On August 1, 2003, Pope John Paul II named Jugis as the fourth bishop of Charlotte. On October 24, 2003, Jugis received his episcopal consecration at St. Matthew Church in Charlotte from Donoghue, with Bishops William Curlin and Francis Gossman serving as co-consecrators.

In 2013, the Survivors Network of those Abused by Priests (SNAP) criticized Jugis for not warning families in their diocese about Raymond P. Melville, a former Catholic priest who had moved to North Carolina. Melville had previously been accused of sexual abuse in Maine and Maryland.

Jugis asked for calm among the community in 2015 at Charlotte Catholic High School after a speech there by Sister Jane Dominic Laurel. Many parents had been upset by Laurel's remarks on single parenthood, LGBTQ people and divorce. At one point, Laurel stated that children raised by single parents had a greater chance of becoming gay or lesbian. Jugis also criticized parents for what he termed as disrespectful behavior towards Laurel.

In August 2018, following the release of a Pennsylvania grand jury report on priests with credible accusations of sexual abuse of children, Jugis stated that the Diocese of Charlotte was investigating allegations of sexual abuse by clergy and encouraged Catholics to pray for all sexual abuse victims. In December 2019, he released a list of fourteen priests credibly accused of sexual abuse in the diocese since 1972.

In July 2020, Jugis announced that he was banning Patrick Hoare, the newly appointed pastor of St.
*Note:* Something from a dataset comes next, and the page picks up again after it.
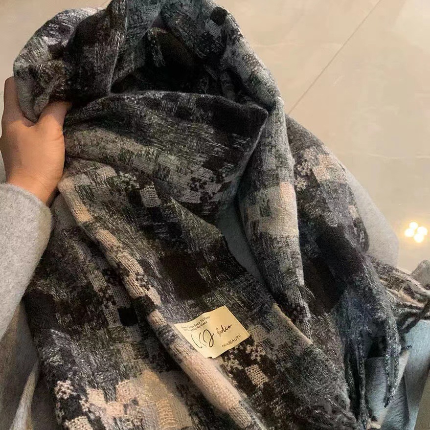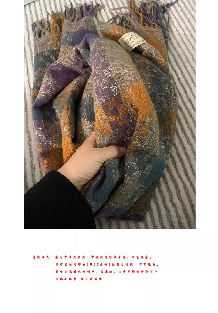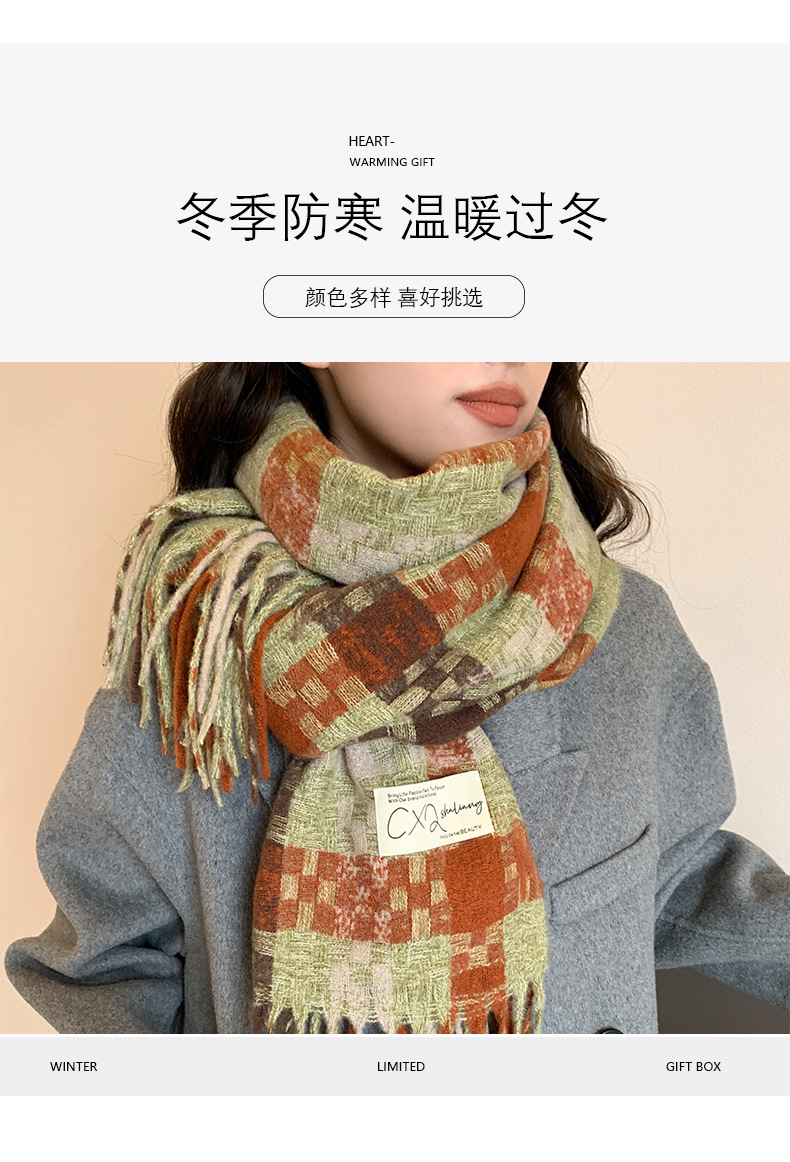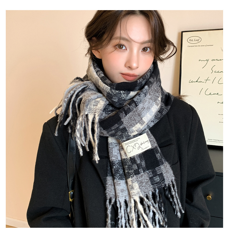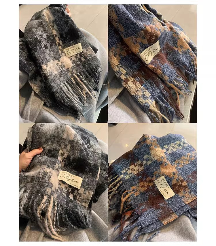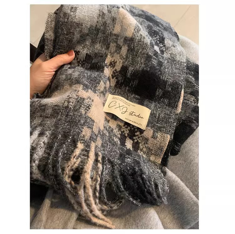 秋冬氛围编织格纹流苏保暖围巾男女情侣加大加厚长款围脖披肩保暖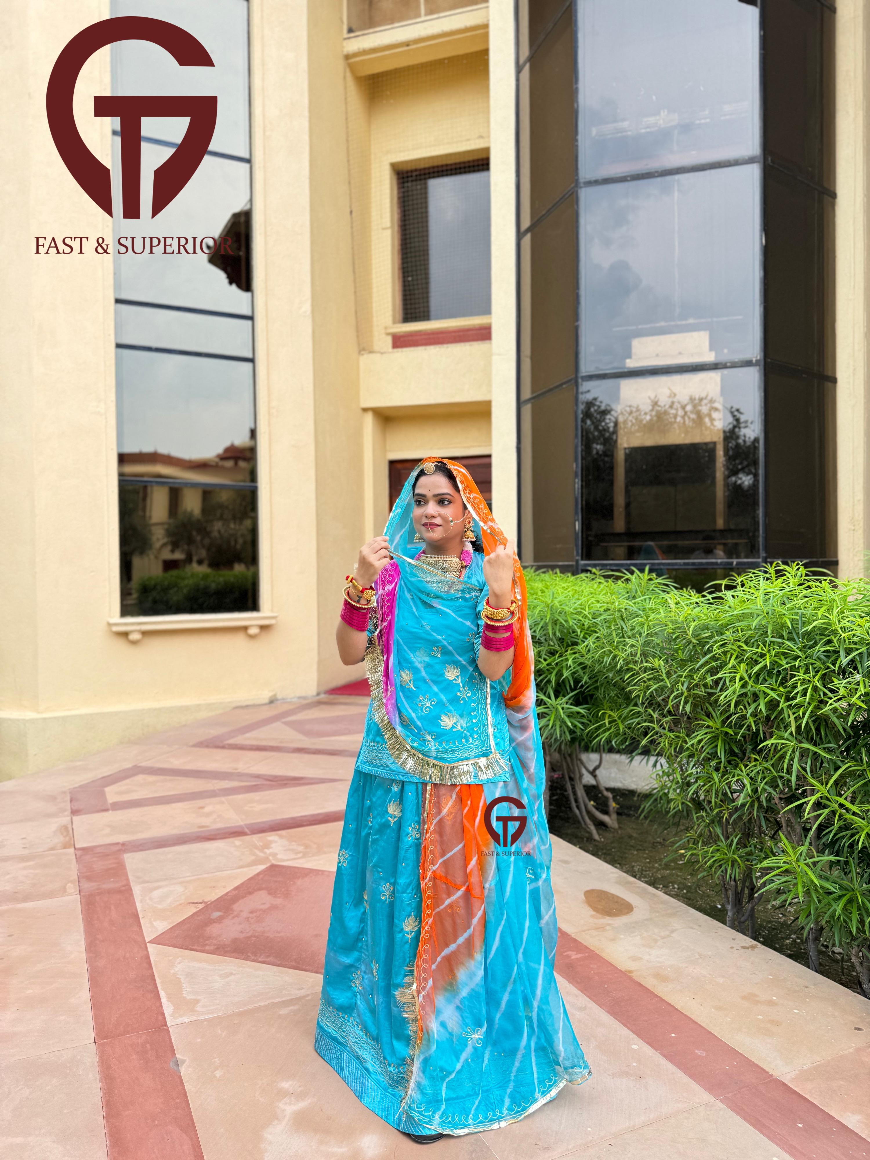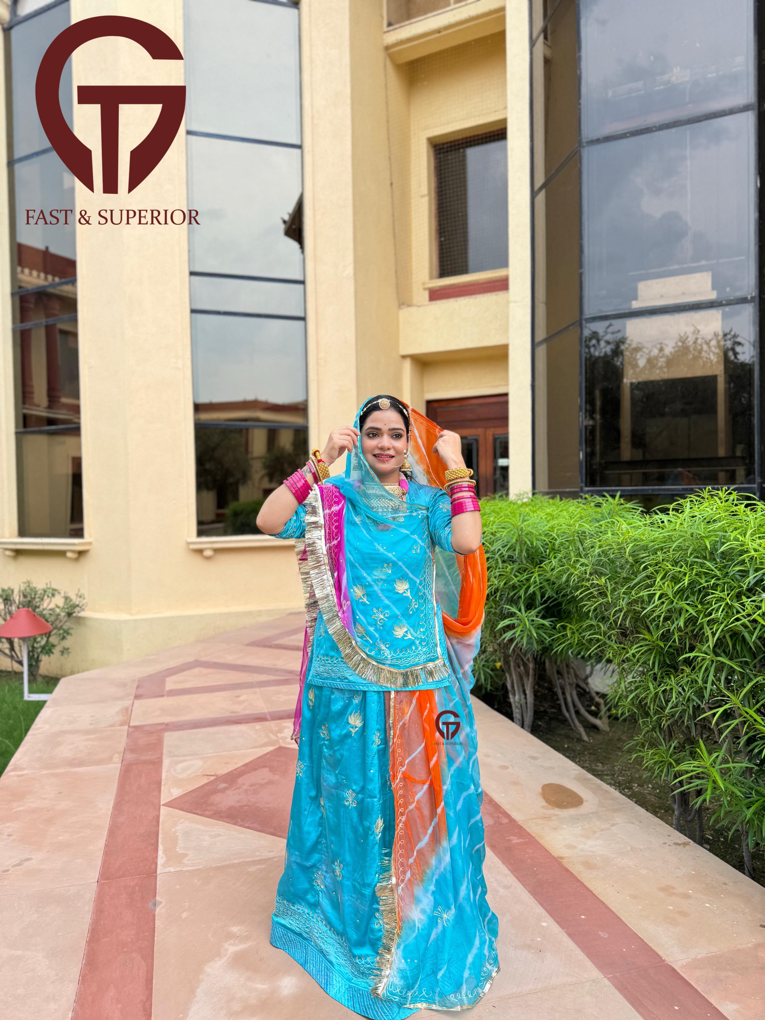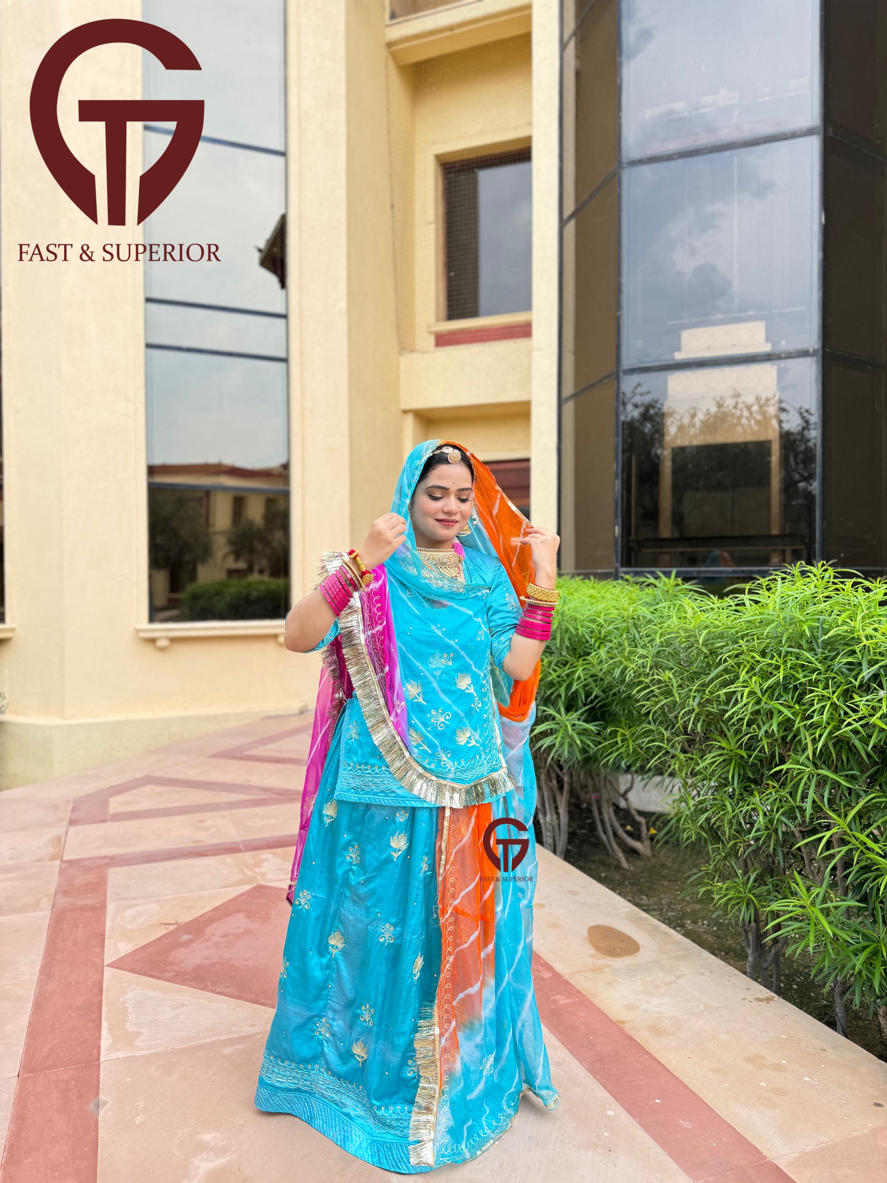 It looks like you're interested in a "satan" or satin partywear Rajputi poshak. Satin can add a luxurious touch to the traditional attire, making it perfect for festive occasions and celebrations.

Matthew Parish in Charlotte, from active ministry on the recommendation of the diocesan lay review board. Hoare's suspension stemmed from a credible allegation of sexual abuse in Pennsylvania in the 1990s.

=== Retirement and legacy ===
Jugis submitted his resignation as bishop of Charlotte to the Vatican in June 2023, citing a chronic kidney condition that prevented him from performing his duties. Jugis is the longest-serving bishop in the diocese, having served for over 20 years. Pope Francis accepted his resignation on April 9, 2024.

== Viewpoints ==

=== Abortion rights ===
During the 2004 U.S. presidential election, Jugis said that Catholic politicians who support abortion rights for women should be denied communion unless they publicly recanted their views.

=== Immigration ===
Jugis criticized the Trump Administration in 2017 for its ban on refugees from seven Muslim-majority countries.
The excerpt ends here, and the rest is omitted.